王家の兄弟の中に、せめて一人くらいは――忌まわしい“初めての殺し”を経験せずに済む者がいても、よいのではないか。

マクシミリアンは、冷や汗を浮かべ、震えが止まらないバレンタインの肩を、さらに強く引き寄せて抱きしめた。

どれほど大きな衝撃を受けたのか、いつもとは違い、彼はマクシミリアンに完全に体を預けていた。

「私が、王子殿下を別宮へお連れします」

「それは困る」

「陛下……!」

「もしあの子が処刑を執行しなければ、この件をどう収めるつもりだ?外戚の顔を立てねばならなくなるのは、我らの母が誰よりも理解していただろう?」

その言葉は、いずれライサンダー自身が苦しむことになる――そう告げているに等しかった。

「処刑には、私が執行人を手配いたします」

「いや、ダメだ」

ライサンダーは、きっぱりと言い切った。

「ただの罪人ならともかく、こいつらは――俺の弟の尊厳に手を伸ばした連中だ。それを自分の手で裁けないようでは、王太子の面目が立たないだろう?」

静かな声だったが、そこに揺らぎはない。

逃げ道を、一つずつ塞ぐ言葉だった。

その瞬間、マクシミリアンは悟った。

彼が求めている答えを。

「……私が、やります」

そう告げた自分の声が、地下牢に重く落ちる。

それは決意であり、同時に、王家に生まれた者としての避けがたい役割の受諾でもあった。
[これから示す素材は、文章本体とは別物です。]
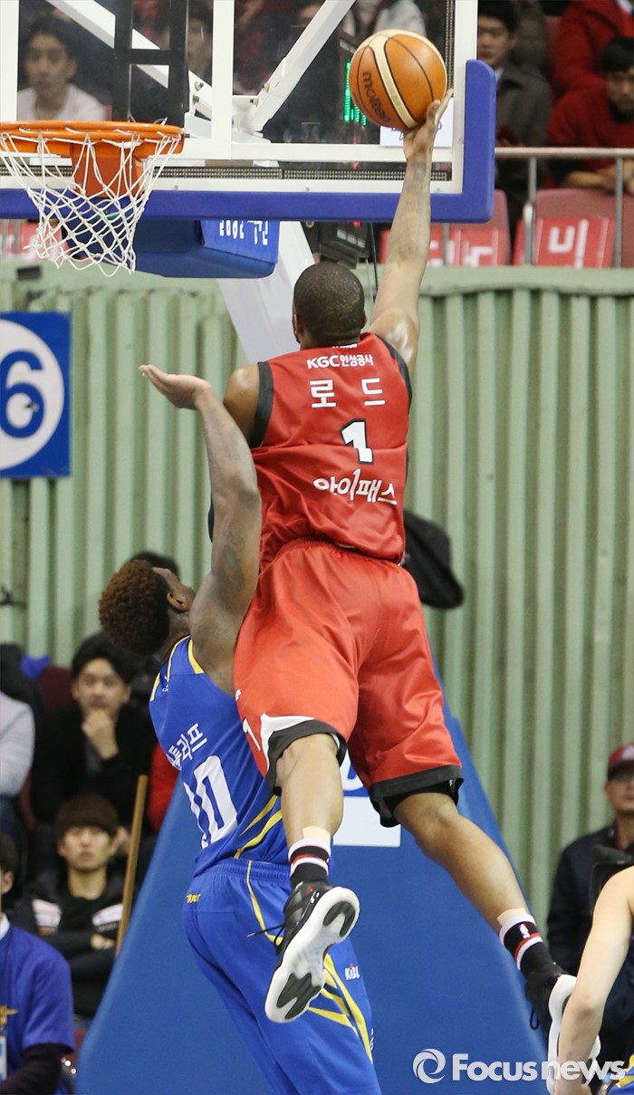 (서울=포커스뉴스) 2일 서울 잠실실내체육관에서 열린 2015-2016 프로농구 삼성-KGC 6강플레이오프 4차전에서 KGC 찰스 로드가 삼성 라틀리프의 마크 위로 레이업슛을 시도하고 있다.

ライサンダーは、その言葉を聞いて、ようやく満足そうに口角を上げた。

――王になるとは、選び続けることだ。

守るために、奪うことを。

そして、その責を、誰にも預けず、自らの手で背負うことを。

地下牢の冷たい空気の中で、マクシミリアンは静かに息を吸った。

もう、後戻りはできない。

それを聞いて、ライサンダーはわざとらしく目を見開いてみせた。

「本当か?」

「……はい。」

「まあ、少しずつ慣らしていくのも悪くはないだろう。最近は女色に夢中で、剣なんてほとんど握っていないと聞いたしな。」

ライサンダーは、軽い足取りでマクシミリアンのそばへと歩み寄った。